Река Гераклита | страница 33
— Тоскую, старая. — Дядя Миша, верно, знал, что она придет, он не высказывает ни удивления, ни испуга, ни, тем более, недовольства, похоже, он даже рад ей.
— Томишься?
— Томлюсь, старая.
— Ну и дурак ты, малый, больше ничего.
— Известно — дурак, а с того не легче.
— Знаешь, когда рыцарю смерть за спину села?..
— Струсил он, что ли, когда?..
— Вот, сам же говоришь. И у тебя гостья за спиной, а у меня нету, вишь, нету! — большими, как сковороды, руками, она накрест хлопает себя по остро торчащим лопаткам, уже становящимся крыльями.
— Ты не врешь, старая?
— Чего врать-то? Я страх этот смолоду из себя выплюнула. И легко моему коню меня одну нести.
— Может, ты вообще не помрешь?
— Как же я могу помереть, коли я ее до себя не допускаю?
— Ври больше, старая. Помрешь, за милую душу, гляди, до утра не протянешь.
— Не помру я — усну, громаднейшая разница.
— Все одно — конец.
— Ан нет! Ты уже сколько раз помирал?.. Не считал, поди. А я — так ни разу. Я вечно живой пребуду, коль не боюсь ее.
— Бабу-унь! — тянет дядя Миша и неловко, сшибая с углов свечи, садится на столе.
— Ну?!
— Эликсирцу… Ничего душа не держит.
— Экой же ты ничтожный!.. Неужто так тебе боязно? — спрашивает старуха вроде бы с радостью.
— Боязно, — признается дядя Миша и начинает тихо плакать, держа свечку в левой руке, а правой елозя по мокрому лицу.
— А театры для чего представляешь?
— Приучить себя хочу. — Дядя Миша перестал плакать и почти капризно: — Ну, бабунь?..
— И чего тебе бояться-то, малый? — допытывается старуха. — Кому ты нужен?
— Как кому? — обиделся дядя Миша. — А жена?
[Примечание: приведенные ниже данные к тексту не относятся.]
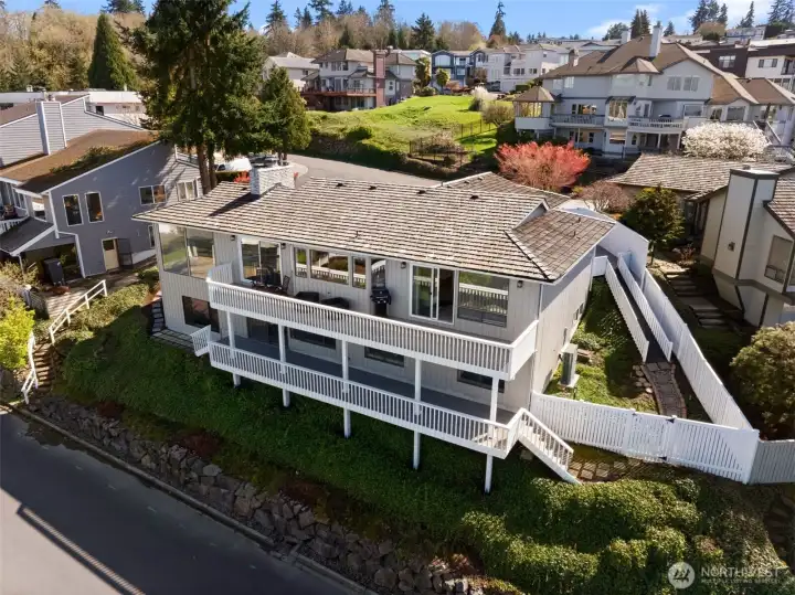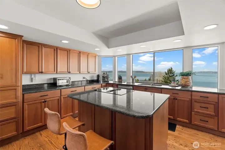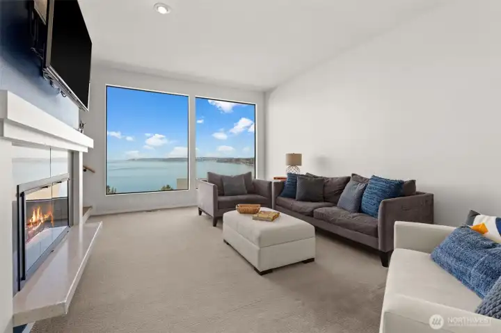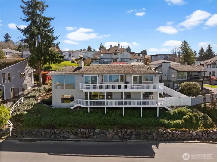 Modern Perfection Meets Iconic Views. Experience the pinnacle of Mid-Century Modern living in this immaculately maintained home. Blending sleek aesthetics with high-end upgrades including a brand new HVAC system. Walls of glass frame breathtaking views, flooding the open-concept interior with natural light and highlighting the clean lines and designer finishes throughout. Every mechanical detail has been perfected and built to last for the next chapter of this beautiful home. The kitchen actually makes you want to spend time in front of the sink washing dishes so you can gaze across the expansive views of Puget Sound. The sunsets are breathtaking while the upgrades make your culinary aspirations come to life; brand new premium double oven and state-of-the-art refrigerator, complemented by new light fixtures and fresh paint throughout. Retreat to your primary bedroom with en-suite boasting a luxurious light filled soaking tub and custom closet shelving. The exterior shines with a new glass-inlay front door, fresh trim paint, and a freshly sealed driveway. Strategic exterior lighting sets this home apart, showcasing pristine mature landscaping all easily maintained with a update sprinkler system. The backyard is a private oasis with new fencing and a unique custom dog ramp for your four-legged friends. A new garage door opener and new tile flooring, even the garage is a masterpiece. Look out at those stunning views and enjoy a home where every detail is already done for you.

На кого я оставлю ее, рыбку мою?
— Будет врать-то! Больно ты о ней думаешь! Свинья ты, малый, бог тебе долгого веку не даст.
— Молчать!. — рявкает дядя Миша из последних остатков своего баса и самолюбия.
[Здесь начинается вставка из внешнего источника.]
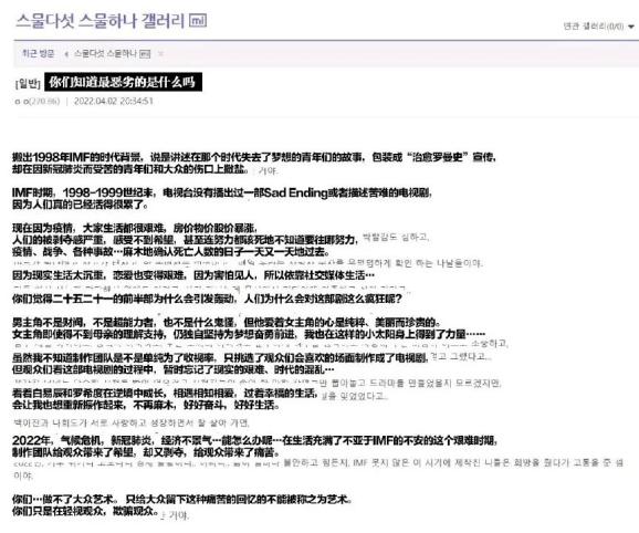 网传韩国网友评论:“搬出IMF的时代背景,说是讲述在那个时代失去梦想的青年们的故事,包装成治愈罗曼史宣传,却在因新冠肺炎而受苦的大众的伤口上撒盐。”
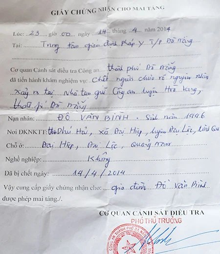 Trong giấy chứng nhận cho mai táng lập vào lúc 23 giờ ngày 14-4, Cơ quan CSĐT Công an TP Đà Nẵng ghi rõ là nghi can “chết chưa rõ nguyên nhân”.

— Но, но, полегше! — холодно, предупреждающе роняет старуха, и дядя Миша мгновенно сникает.
— Бабунь, не сердись!.. Бабу-унь!..
Старуха погружает руку в долгий карман балахона, достает флягу и протягивает дяде Мише.
Тот сует ей почти догоревшую свечку, дрожащими пальцами отвинчивает колпачок и, наклонившись к фляжке, делает жадный, короткий, какой-то испуганный глоток. Большим и указательным пальцами, даже не послюнив их, старуха гасит свечи в шандале, берясь прямо за язычок пламени. Комната погружается во мрак, лишь теплится огарок, бросая красноватый отсвет на закрытые, будто мертвые глаза дяди Миши, переживающего целительный глоток. Большое, неподвижное лицо его с тишиной смеженных век скульптурно выразительно, почти красиво…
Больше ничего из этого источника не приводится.